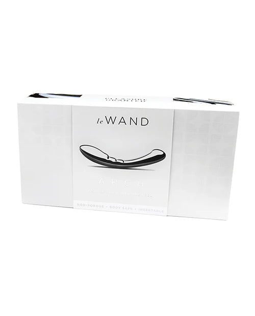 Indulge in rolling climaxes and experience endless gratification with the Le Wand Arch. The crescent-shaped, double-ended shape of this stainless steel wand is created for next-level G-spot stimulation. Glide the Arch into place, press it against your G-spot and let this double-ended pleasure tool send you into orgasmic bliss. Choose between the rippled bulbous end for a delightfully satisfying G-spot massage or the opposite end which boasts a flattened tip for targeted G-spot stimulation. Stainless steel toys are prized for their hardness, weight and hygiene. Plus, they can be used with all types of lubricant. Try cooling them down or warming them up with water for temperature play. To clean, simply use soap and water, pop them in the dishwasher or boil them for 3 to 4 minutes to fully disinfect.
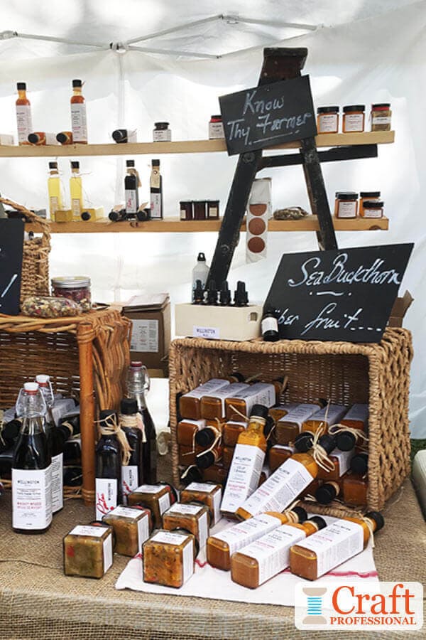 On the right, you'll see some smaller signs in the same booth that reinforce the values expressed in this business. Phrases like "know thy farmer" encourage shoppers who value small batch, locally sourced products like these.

========================================================================

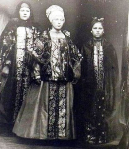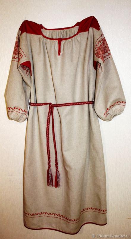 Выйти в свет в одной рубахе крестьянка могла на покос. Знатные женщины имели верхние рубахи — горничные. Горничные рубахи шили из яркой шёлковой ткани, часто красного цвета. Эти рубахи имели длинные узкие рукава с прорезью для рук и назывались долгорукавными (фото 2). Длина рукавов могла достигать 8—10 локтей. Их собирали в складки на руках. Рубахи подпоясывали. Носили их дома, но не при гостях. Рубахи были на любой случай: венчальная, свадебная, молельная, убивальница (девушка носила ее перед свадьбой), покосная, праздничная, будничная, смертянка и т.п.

========================================================================

▶ **EXERCISE GOAL**
Only one part of the listing is wanted: the lines from the one containing "Indulge in rolling" through the one containing "On the right, you'll", both included. Please transcribe it exactly, leaving out the pictures.

▶ **SOLUTION FOR THIS PROBLEM**
 Indulge in rolling climaxes and experience endless gratification with the Le Wand Arch. The crescent-shaped, double-ended shape of this stainless steel wand is created for next-level G-spot stimulation. Glide the Arch into place, press it against your G-spot and let this double-ended pleasure tool send you into orgasmic bliss. Choose between the rippled bulbous end for a delightfully satisfying G-spot massage or the opposite end which boasts a flattened tip for targeted G-spot stimulation. Stainless steel toys are prized for their hardness, weight and hygiene. Plus, they can be used with all types of lubricant. Try cooling them down or warming them up with water for temperature play. To clean, simply use soap and water, pop them in the dishwasher or boil them for 3 to 4 minutes to fully disinfect.
 On the right, you'll see some smaller signs in the same booth that reinforce the values expressed in this business. Phrases like "know thy farmer" encourage shoppers who value small batch, locally sourced products like these.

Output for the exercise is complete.